Raw data START

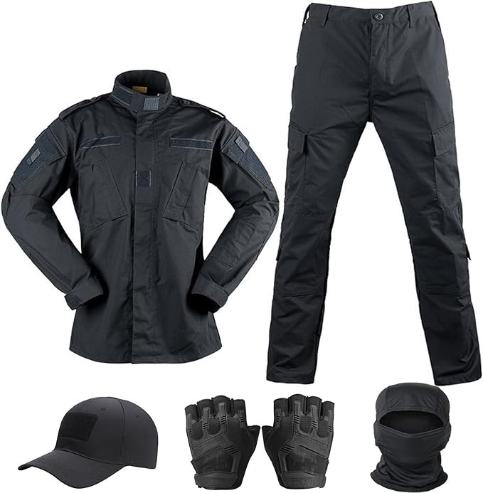 4. Tactical Suit,Combat Pants and Shirt,Cap Gloves Balaclava Set,Black Camo Uniform
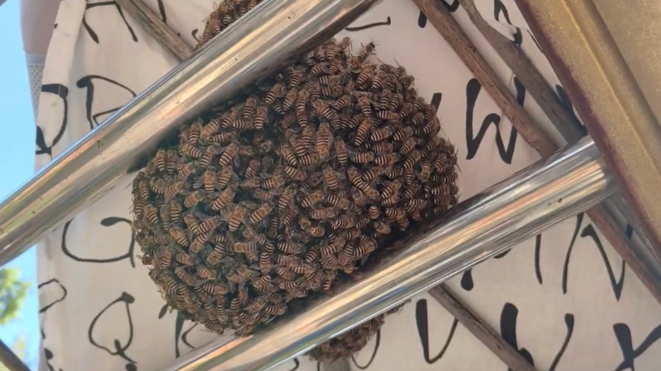 3月13日,广东东莞市民贺女士(化名)称其上午在天台晒枕头,中午发现枕头底下汇聚了一窝蜜蜂。
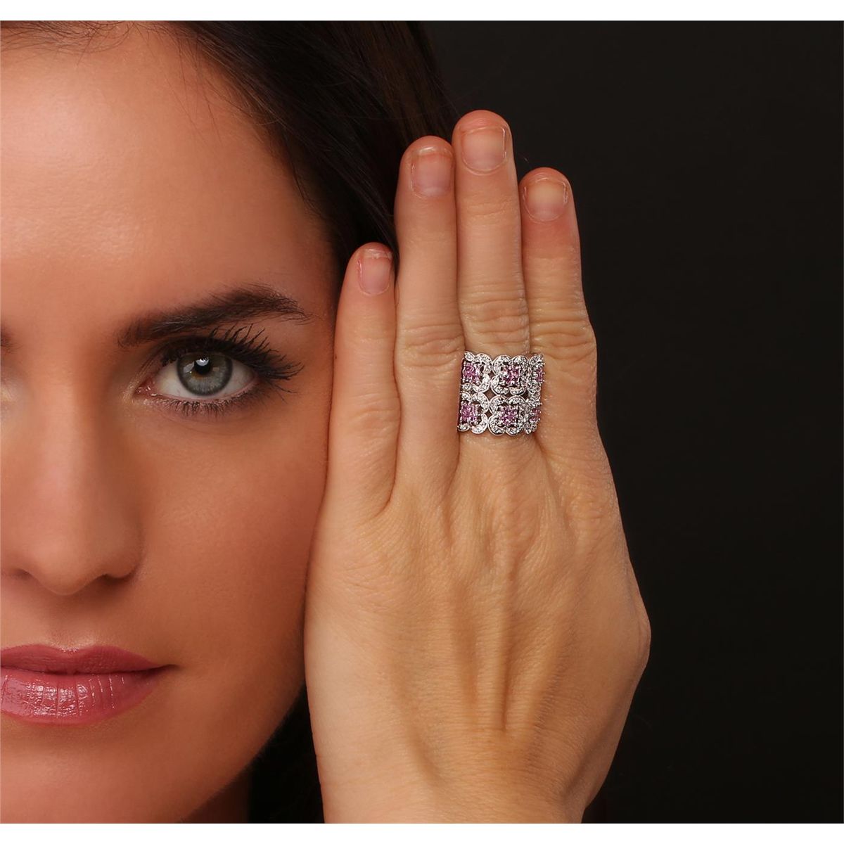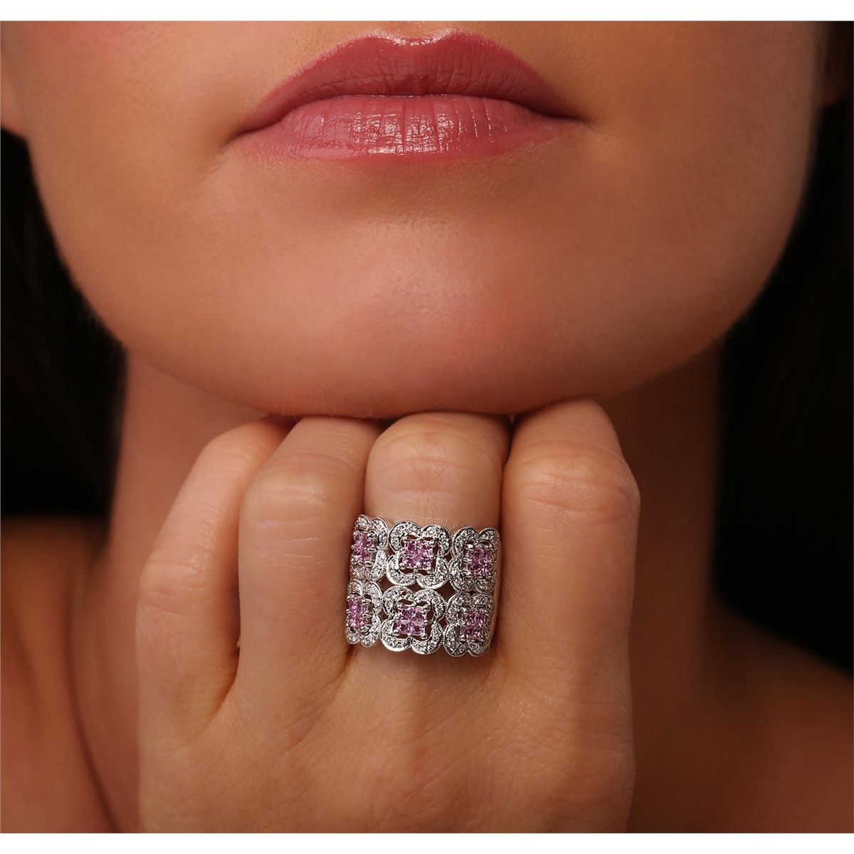 One electronically tested 18KT white gold Ladies combination cast & assembled ring with a bright polish finish. Condition is very good. Containing: Twenty-four prong set square modified brilliant cut natural pink topazes, measuring 1.80 x 1.80 x 1.17mm, approximate. Total Weight of 0.72ct., clarity is eye clean, type I, cut is good. Colored gemstones are presumed to have been subjected to commonly used color/clarity enhancement processes. Seventy-Two prong set round brilliant cut diamonds, measuring 1.30 - 1.30 x 0.78mm (depth est.) approximate. Total Weight of 72 Stones = 0.58ct. Clarity: SI-2 to I-1. Color: H - I, Cut is Good. Total Weight of Colored Stones 0.72ct. Total Weight of Diamonds 0.58ct. Total Weight of Ring 11.30 grams. GGL Appraised at $7,165.00.

Raw data END

| Task description |
Without including any picture, repeat the data exactly.

| Exercise answer |
 4. Tactical Suit,Combat Pants and Shirt,Cap Gloves Balaclava Set,Black Camo Uniform
 3月13日,广东东莞市民贺女士(化名)称其上午在天台晒枕头,中午发现枕头底下汇聚了一窝蜜蜂。
 One electronically tested 18KT white gold Ladies combination cast & assembled ring with a bright polish finish. Condition is very good. Containing: Twenty-four prong set square modified brilliant cut natural pink topazes, measuring 1.80 x 1.80 x 1.17mm, approximate. Total Weight of 0.72ct., clarity is eye clean, type I, cut is good. Colored gemstones are presumed to have been subjected to commonly used color/clarity enhancement processes. Seventy-Two prong set round brilliant cut diamonds, measuring 1.30 - 1.30 x 0.78mm (depth est.) approximate. Total Weight of 72 Stones = 0.58ct. Clarity: SI-2 to I-1. Color: H - I, Cut is Good. Total Weight of Colored Stones 0.72ct. Total Weight of Diamonds 0.58ct. Total Weight of Ring 11.30 grams. GGL Appraised at $7,165.00.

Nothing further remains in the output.